Chatterbox

A.L. Huxtable vs. Tom Wolfe

2 Columbus Circle’s best-known detractor weighs in on its preservation.

2 Columbus Circle

Three months ago, Chatterbox challenged Tom Wolfe to back up his preservationist argument for Manhattan’s 2 Columbus Circle, the hideous Moorish tomb built by Edward Durrell Stone in 1964, by arguing that it was beautiful. Chatterbox’s point was that Wolfe admired the building—which he was trying to rescue from a planned radical remodeling by its new owner, the Museum of Arts & Design —purely on theoretical grounds. This was a great irony since Wolfe famously had attacked modernist architecture in his book From Bauhaus to Our House for being driven by theory, rather than by any understanding of what ordinary people considered pleasing to the eye. Wolfe didn’t seem to mind a theory-driven aesthetic if it championed postmodernism. (To read the two New York Times op-eds in which Wolfe pleaded to preserve Stone’s original design, published on Oct. 12 and Oct. 13, click here and here.)

Wolfe never responded. Chatterbox did receive interesting replies from former CBS News Executive Political Director Martin Plissner (who argued that when the building housed Huntington Hartford’s Gallery of Modern Art, the lounge on the top floor was a great place to take a date) and Newsweek International Editor Fareed Zakaria (who argued that “it’s a lot nicer than most of the buildings we are preserving”). But neither of them could bring himself to say the building was beautiful, either. At a panel discussion sponsored by preservationist groups last February, the only person who used the word “beautiful” to describe any part of 2 Columbus Circle was architect Billie Tsien, who opposes its preservation.
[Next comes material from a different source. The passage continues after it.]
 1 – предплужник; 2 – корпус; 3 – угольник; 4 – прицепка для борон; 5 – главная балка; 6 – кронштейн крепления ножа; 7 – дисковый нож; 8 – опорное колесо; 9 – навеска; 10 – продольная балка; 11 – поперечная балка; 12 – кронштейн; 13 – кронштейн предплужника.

Now Ada Louise Huxtable, the architecture critic who famously described the building back in 1964 as a “die-cut Venetian palazzo on lollipops,” has weighed in  on the arts page of the Wall Street Journal:

This small oddity of dubious architectural distinction, designed by Edward Durell Stone, has been elevated to masterpiece status and cosmic significance by a campaign to save its marginally important, mildly eccentric, and badly deteriorated façade. …
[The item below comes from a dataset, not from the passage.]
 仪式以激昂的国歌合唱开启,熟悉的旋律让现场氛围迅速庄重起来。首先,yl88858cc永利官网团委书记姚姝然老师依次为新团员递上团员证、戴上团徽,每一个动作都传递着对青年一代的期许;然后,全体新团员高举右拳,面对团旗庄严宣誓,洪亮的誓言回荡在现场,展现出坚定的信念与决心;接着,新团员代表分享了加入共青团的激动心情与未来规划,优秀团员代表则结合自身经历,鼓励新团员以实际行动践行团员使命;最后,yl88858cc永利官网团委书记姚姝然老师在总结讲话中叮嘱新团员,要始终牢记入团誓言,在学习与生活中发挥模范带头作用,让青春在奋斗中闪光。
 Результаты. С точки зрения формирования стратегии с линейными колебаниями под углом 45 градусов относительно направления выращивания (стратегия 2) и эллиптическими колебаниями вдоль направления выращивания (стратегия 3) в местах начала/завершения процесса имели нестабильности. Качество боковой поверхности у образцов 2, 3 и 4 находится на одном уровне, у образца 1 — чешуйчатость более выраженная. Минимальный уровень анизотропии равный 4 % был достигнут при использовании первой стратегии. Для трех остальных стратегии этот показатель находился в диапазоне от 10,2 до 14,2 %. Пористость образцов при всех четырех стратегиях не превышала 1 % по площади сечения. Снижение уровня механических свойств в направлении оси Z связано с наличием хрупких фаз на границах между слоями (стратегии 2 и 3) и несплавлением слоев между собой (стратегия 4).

Huxtable argues that preserving Stone’s original design is not only undesirable from an aesthetic point of view, but would also cost a fortune:

Inspection has found the façade so badly deteriorated that it can’t be saved; it would have to be rebuilt—a copy or reproduction would have to replace it.The metal shims—pieces of metal attached behind each piece of marble to level the stones—have rusted as water got into the joints, and the damage has spread to the marble, which has cracked and spalled. Because the entire façade is affected, all of the rusted shims would have to be replaced and new marble cut and installed. There is no way it can be repaired. …

Because the building’s interior is so narrow, preserving Stone’s design, Huxtable says, would be an engineering nightmare:

The necessity of constructing a vapor barrier for humidity control around the building—all museums require them—complicates things further. This is done on the exterior, although landmark buildings have been retrofitted inside at great cost and with extreme difficulty. We begin to get into a Catch-22 when a vapor barrier cannot be installed under a damaged facade, the preservation of which is debatable in the first place, and cost and space restrictions foreclose doing it inside.

Chatterbox lacks the expertise to assess Huxtable’s claims, but she certainly makes preservation seem like a lot of trouble to go through on behalf of a building that, even its defenders concede, is no beauty.